Example 3—Identification of TCRs that Bind to a Peptide-MHC Complex of the Invention

[0096] Method

[0097] Antigen binding TCRs were obtained using peptides of the invention to pan a TCR phage library. The library was constructed using alpha and beta chain sequences obtained from a natural repertoire (as described in WO2015/136072, PCT/EP2016/071757, PCT/EP2016/071761, PCT/EP2016/071762, PCT/EP2016/071765, PCT/EP2016/071767, PCT/EP2016/071768, PCT/EP2016/071771 or PCT/EP2016/071772). The random combination of these alpha and beta chain sequences, which occurs during library creation, produces a non-natural repertoire of alpha beta chain combinations.

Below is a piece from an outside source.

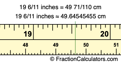 Centimeters is usually given in decimal form, so we have also converted the fractional answer to 19 6/11 inches to cm, to decimal form: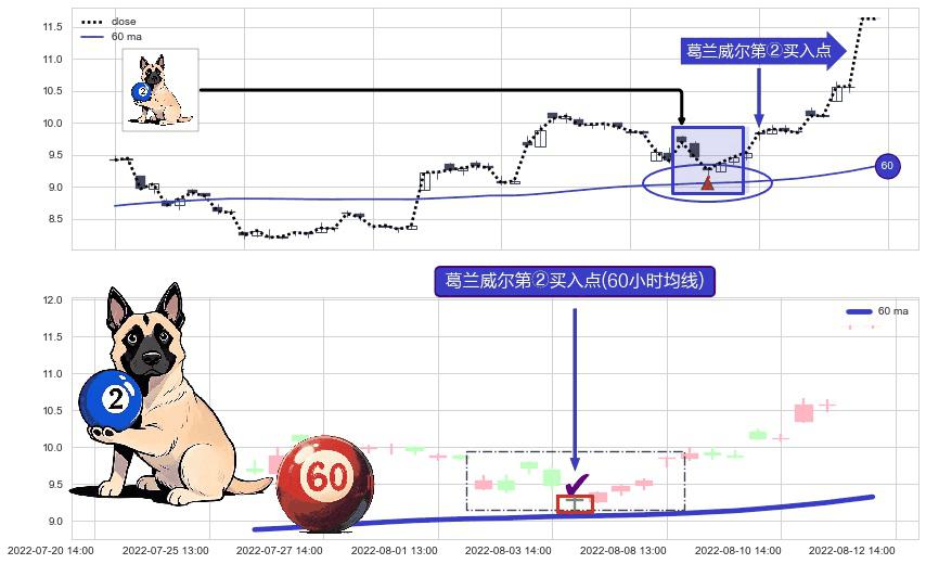 ⚀ 2022-08-04 13:00:00-小时显现 葛兰威尔均线 60小时均线 第②买入点 上升趋势的中继信号,后市看涨,买进信号

[0098] TCRs obtained from the library were assessed by ELISA to confirm specific antigen recognition. ELISA assays were performed as described in WO2015/136072. Briefly, 96 well MaxiSorp ELISA plates were coated with streptavidin and incubated with the biotinylated peptide-HLA complex of the invention. TCR bearing phage clones were added to each well and detection carried out using an anti-M13-HRP antibody conjugate. Bound antibody was detected using the KPL labs TMB Microwell peroxidase Substrate System. The appearance of a blue colour in the well indicated binding of the TCR to the antigen. An absence of binding to alternative peptide-HLA complexes indicated the TCR is not highly cross reactive.

[0099] Further confirmation that TCRs are able to bind a complex of comprising a peptide HLA complex of the invention can be obtained by surface plasmon resonance (SPR) using isolated TCRs. In this case alpha and beta chain sequences are expressed in E. coli as soluble TCRs, (WO2003020763; Boulter, et al., Protein Eng, 2003. 16: 707-711). Binding of the soluble TCRs to the complexes is analysed by surface plasmon resonance using a BIACORE 3000 instrument. Biotinylated peptide-HLA monomers are prepared as previously described (Example 2) and immobilized on to a streptavidin-coupled CM-5 sensor chip. All measurements are performed at 25° C. in PBS buffer supplemented with 0.005% Tween at a constant flow rate. To measure affinity, serial dilutions of the soluble TCRs are flowed over the immobilized peptide-MHCs and the response values at equilibrium determined for each concentration. Data are analysed by plotting the specific equilibrium binding against protein concentration followed by a least squares fit to the Langmuir binding equation, assuming a 1:1 interaction.

[0100] Results

[0101] TCRs that specifically recognise peptide-HLA complexes of the invention were obtained from the library. FIGS. 26(A and B) shows ELISA data for three such TCRs, per peptide.

[0102] Amino acid sequences of the TCR alpha and beta variable regions of the TCRs identified in FIGS. 26(A and B) are provided in FIG. 27.

[0103] These data confirm that antigen specific TCRs can be isolated.